**Problem to work on:** Would you return exactly the lines from the top of the data below through the one containing "ШАГ 3 Добавить", leaving out the pictures?

**Data for analysis:**

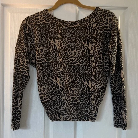 Chic leopard patterned long sleeve top. Cute knot detail can be worn in the front or in the back. Ideal for everyday wear.
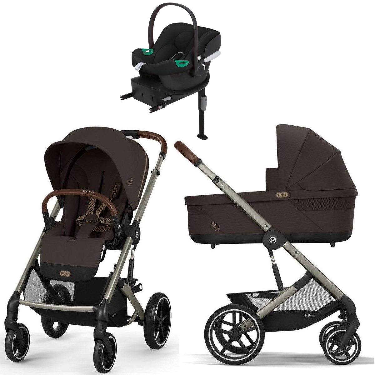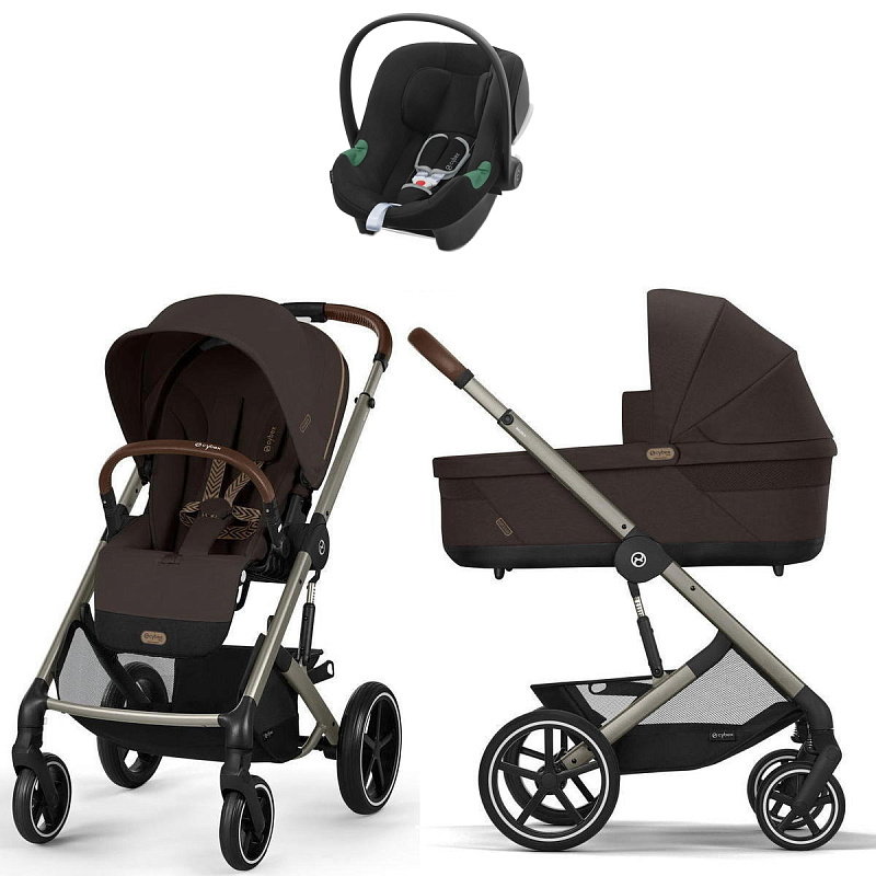 Коляска Cybex Balios S Lux TPE complete Aton B2 Volcano Black Base One 4 в 1 Chocolate Brown с дождевиками
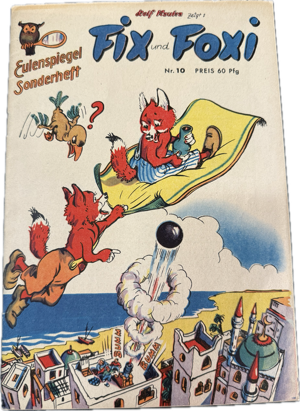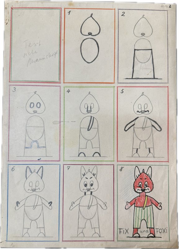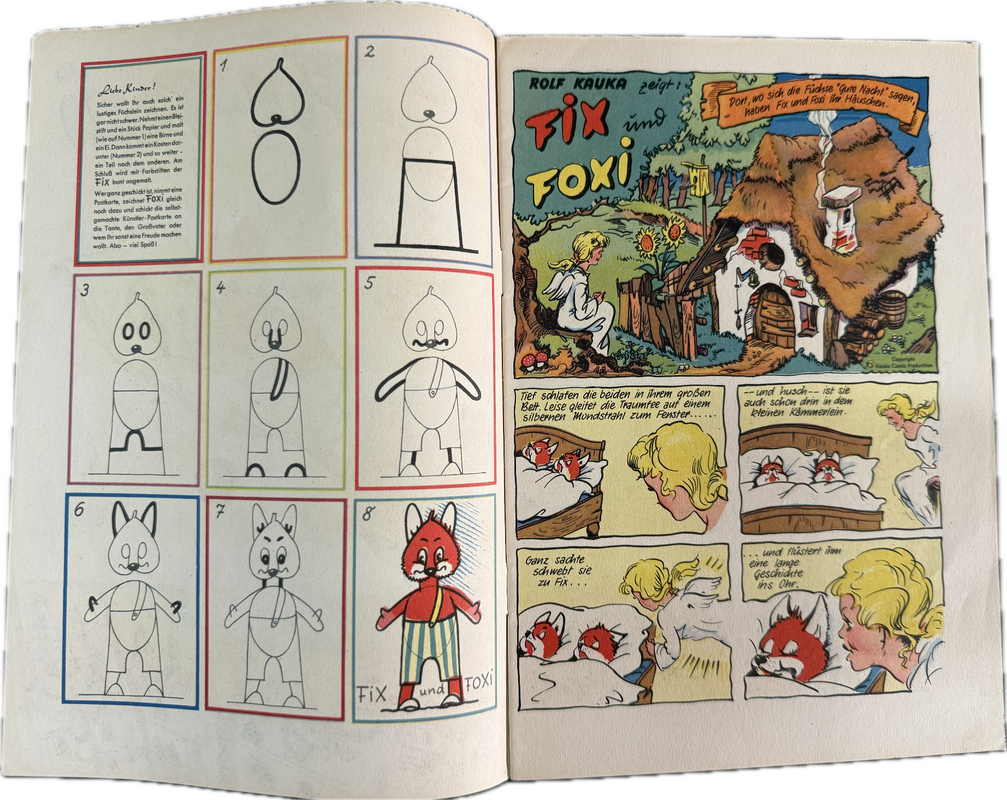 Aus der ehemaligen Sammlung Krumm stammt diese Kuriosität. Nachdem unter dem Titel „Till Eulenspiegel“ bei Pabel schon die ersten Geschichten mit den beiden Füchsen erschienen waren (In den Ausgaben 6-9) bekamen die Vierbeiner mit Heft 10 ihre eigene Serie. Auf Seite 2 dieses Hefte erschien dann diese Seite, die die Leser ermuntern sollte eigene Fix und Foxi Figuren zu Papier zu bringen, Ca. 29,5 x 21 cm. Ein Stück Comicgeschichte, die wohl aus der Feder von Werner Hierl stammt. Sehr schön im Zustand. (Heft wird natürlich nicht mitgeliefert)
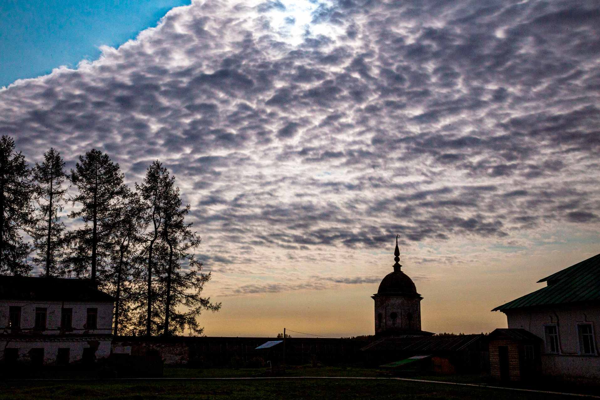 Монастырь был основан в 1460-е годы преподобным Александром Ошевенским — сыном Никифора Ошевни, который дал имя всей слободе и Погосту. Александр построил первый деревянный Никольский храм. В XVI веке была возведена ещё одна церковь — в честь Успения Богородицы. Позже оба храма сгорели, были восстановлены и сгорели снова — от удара молнии, и в начале XVIII века на этом месте стали возводить каменные постройки. Часть из них сохранилась до наших дней. Но память о деревянном монастыре и возможность увидеть, как он выглядел, сохранились благодаря многочисленным иконам с его изображением. Они получили широкое распространение в XVII веке и разносили по всей Руси славу о святом и его обители.
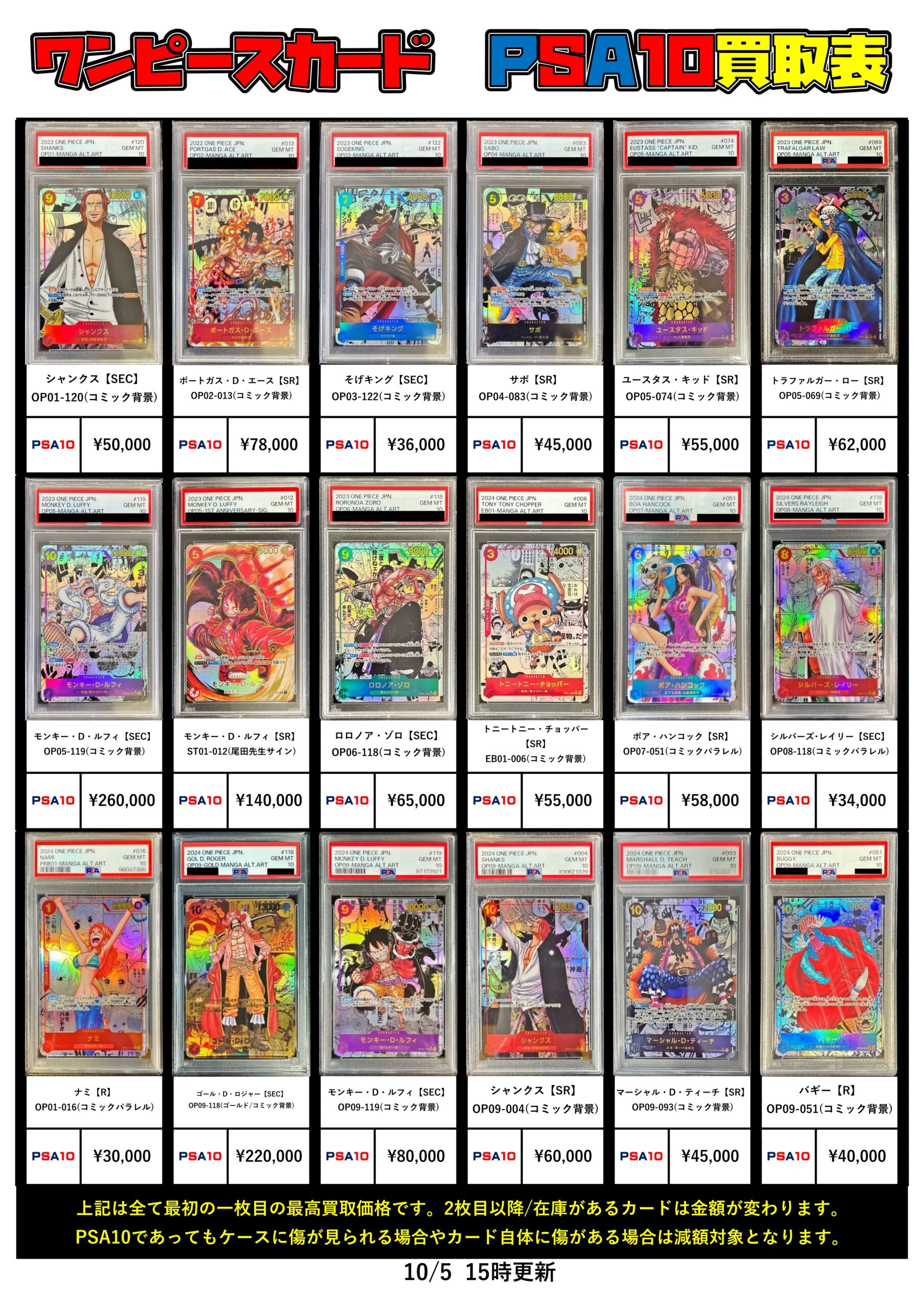 【ワンピースカード】PSA10・未開封BOXの買取チラシ更新しました!
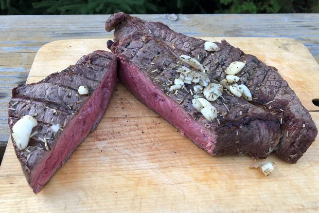 ШАГ 3 Добавить к стейкам нарезанный чеснок, розмарин (можно еще орегано или другие итальянские травы), кусочек сливочного масла; завернуть в фольгу и оставить мясо еще на 20 минут.
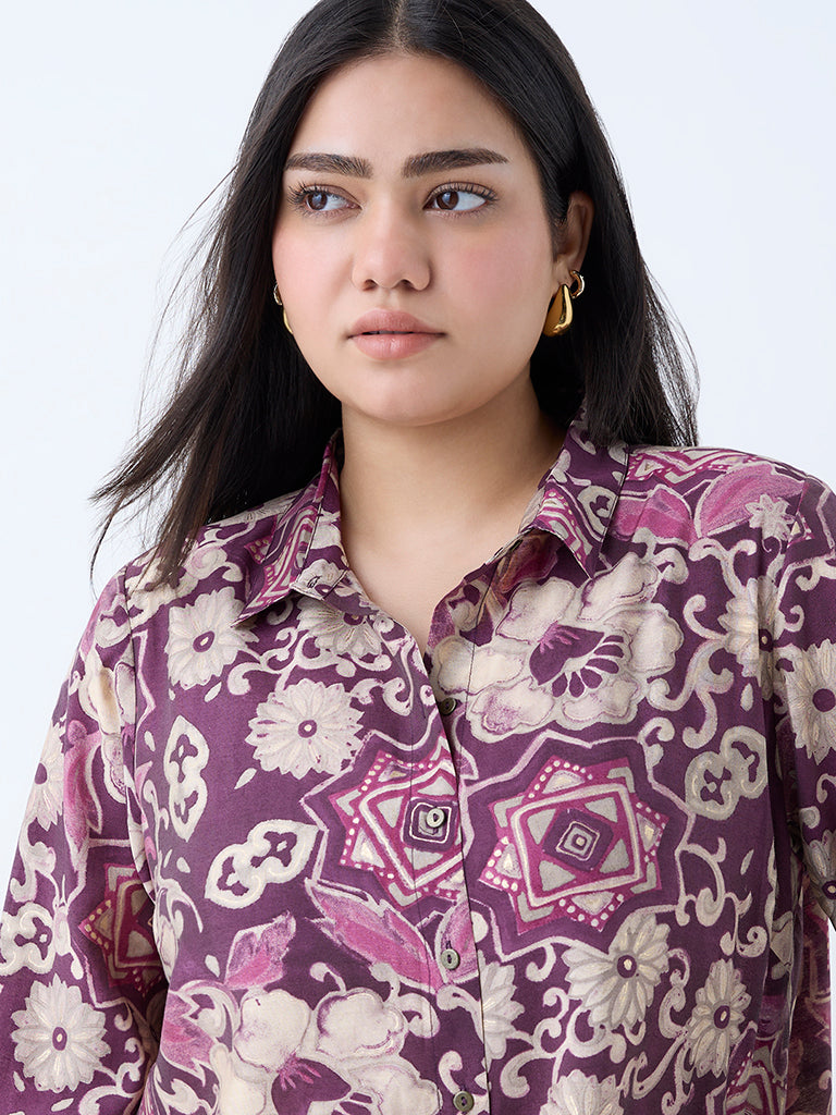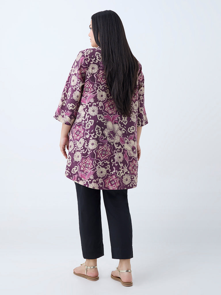 Refine your ethnic style with this plum tunic from Diza. Featuring floral prints all over, it is styled with a collar, a buttoned placket and three-quarter sleeves. The lightweight fabric ensures breathable comfort for all-day wear.
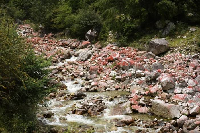 踩过锈迹斑斑的小桥,我们在桥上看了一幅红石堆砌的奇特画面,红石滩将水流分离,细碎的河水在低处汇合,往下游奔去,那上游是什么呢?
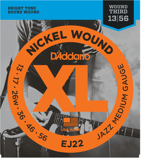 EJ22, D'Addario's heaviest gauge "jazz" set, is preferred for its wound 3rd/G string, dense tone and tight feel. Can also be used for down tuning.
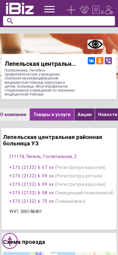 | Название / Заголовок | Лепельская центральная районная больница УЗ - Поликлиника. Лечебно-профилактическое учреждение. Оказание квалифицированной медицинской помощи взрослым и детям. Больница. Многопрофильное стационарное учреждение по оказанию медицинской помощи.. 211174, Лепель, , Госпитальная, 2 |
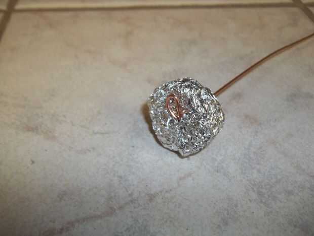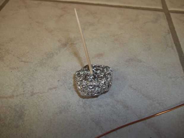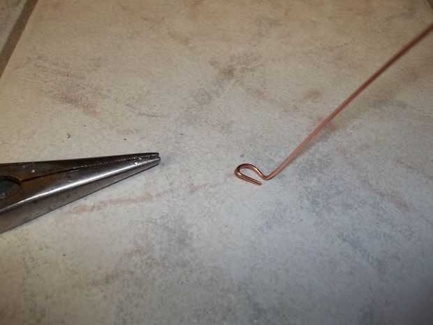 Corte una longitud de 6" de alambre. Utilizando pinzas, hacer un lazo áspero en uno de los extremos y luego doblar el alambre en un ángulo de 90 grados en el bucle. Así, cuando el lazo es acostado sobre una superficie, el cable se está pegando hacia arriba en el aire.
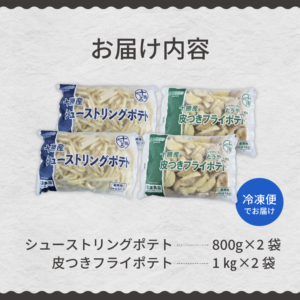 北海道十勝芽室町 シューストリングポテトと皮付きフライポテト 各2袋セット me003-061c
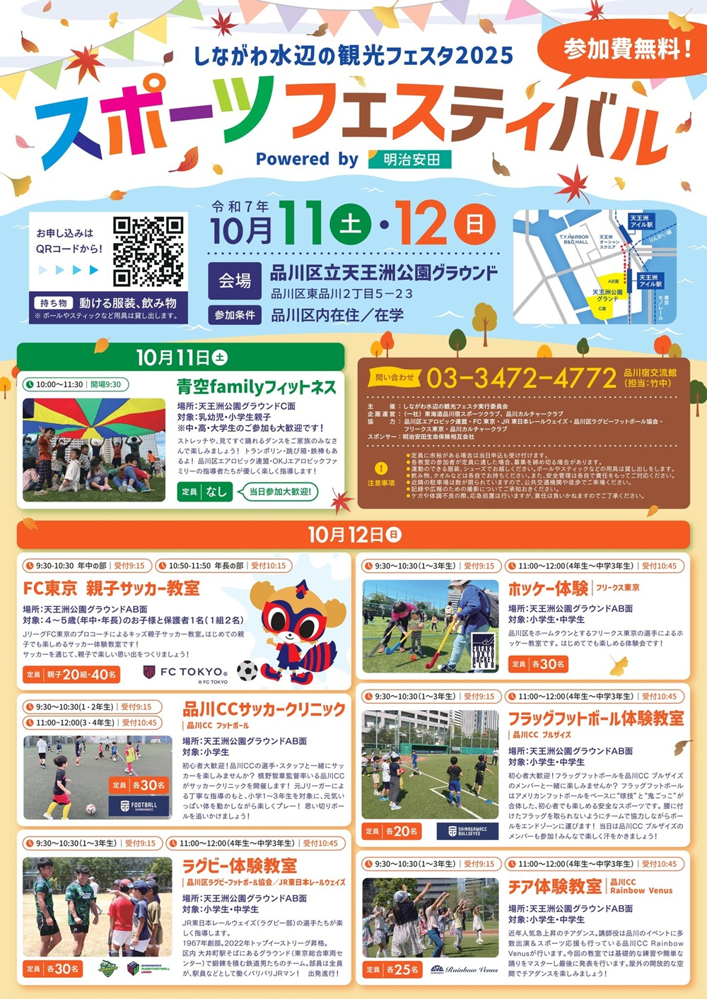 しながわ水辺の観光フェスタ2025の一環として開催されるスポーツフェスティバルは、天王洲公園グラウンドを舞台に行われる秋の体験型イベント。親子で楽しめるサッカー教室やホッケー、ラグビー、チアリーディング、フラッグフットボールなど、多彩なスポーツプログラムが勢ぞろい。初めてでも安心して参加できる内容で、地域の子どもたちや家族に大人気のイベントです。秋空の下で体を動かし、笑顔があふれる2日間を過ごしましょう。
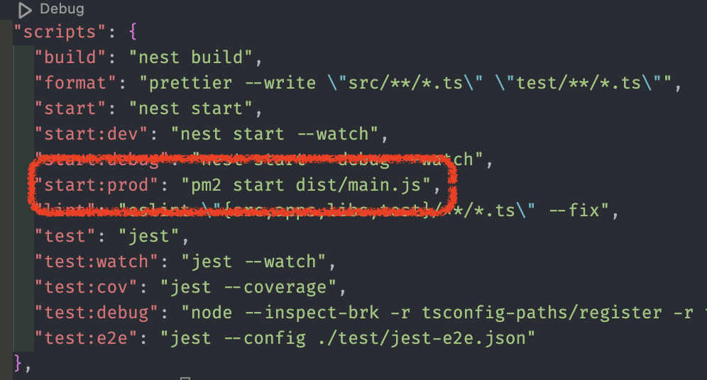 - package.json을 열어 scripts의 start:prod 를 "pm2 start dist/main.js" 로 바꿔줌

**Solved exercise:**
 Chic leopard patterned long sleeve top. Cute knot detail can be worn in the front or in the back. Ideal for everyday wear.
 Коляска Cybex Balios S Lux TPE complete Aton B2 Volcano Black Base One 4 в 1 Chocolate Brown с дождевиками
 Aus der ehemaligen Sammlung Krumm stammt diese Kuriosität. Nachdem unter dem Titel „Till Eulenspiegel“ bei Pabel schon die ersten Geschichten mit den beiden Füchsen erschienen waren (In den Ausgaben 6-9) bekamen die Vierbeiner mit Heft 10 ihre eigene Serie. Auf Seite 2 dieses Hefte erschien dann diese Seite, die die Leser ermuntern sollte eigene Fix und Foxi Figuren zu Papier zu bringen, Ca. 29,5 x 21 cm. Ein Stück Comicgeschichte, die wohl aus der Feder von Werner Hierl stammt. Sehr schön im Zustand. (Heft wird natürlich nicht mitgeliefert)
 Монастырь был основан в 1460-е годы преподобным Александром Ошевенским — сыном Никифора Ошевни, который дал имя всей слободе и Погосту. Александр построил первый деревянный Никольский храм. В XVI веке была возведена ещё одна церковь — в честь Успения Богородицы. Позже оба храма сгорели, были восстановлены и сгорели снова — от удара молнии, и в начале XVIII века на этом месте стали возводить каменные постройки. Часть из них сохранилась до наших дней. Но память о деревянном монастыре и возможность увидеть, как он выглядел, сохранились благодаря многочисленным иконам с его изображением. Они получили широкое распространение в XVII веке и разносили по всей Руси славу о святом и его обители.
 【ワンピースカード】PSA10・未開封BOXの買取チラシ更新しました!
 ШАГ 3 Добавить к стейкам нарезанный чеснок, розмарин (можно еще орегано или другие итальянские травы), кусочек сливочного масла; завернуть в фольгу и оставить мясо еще на 20 минут.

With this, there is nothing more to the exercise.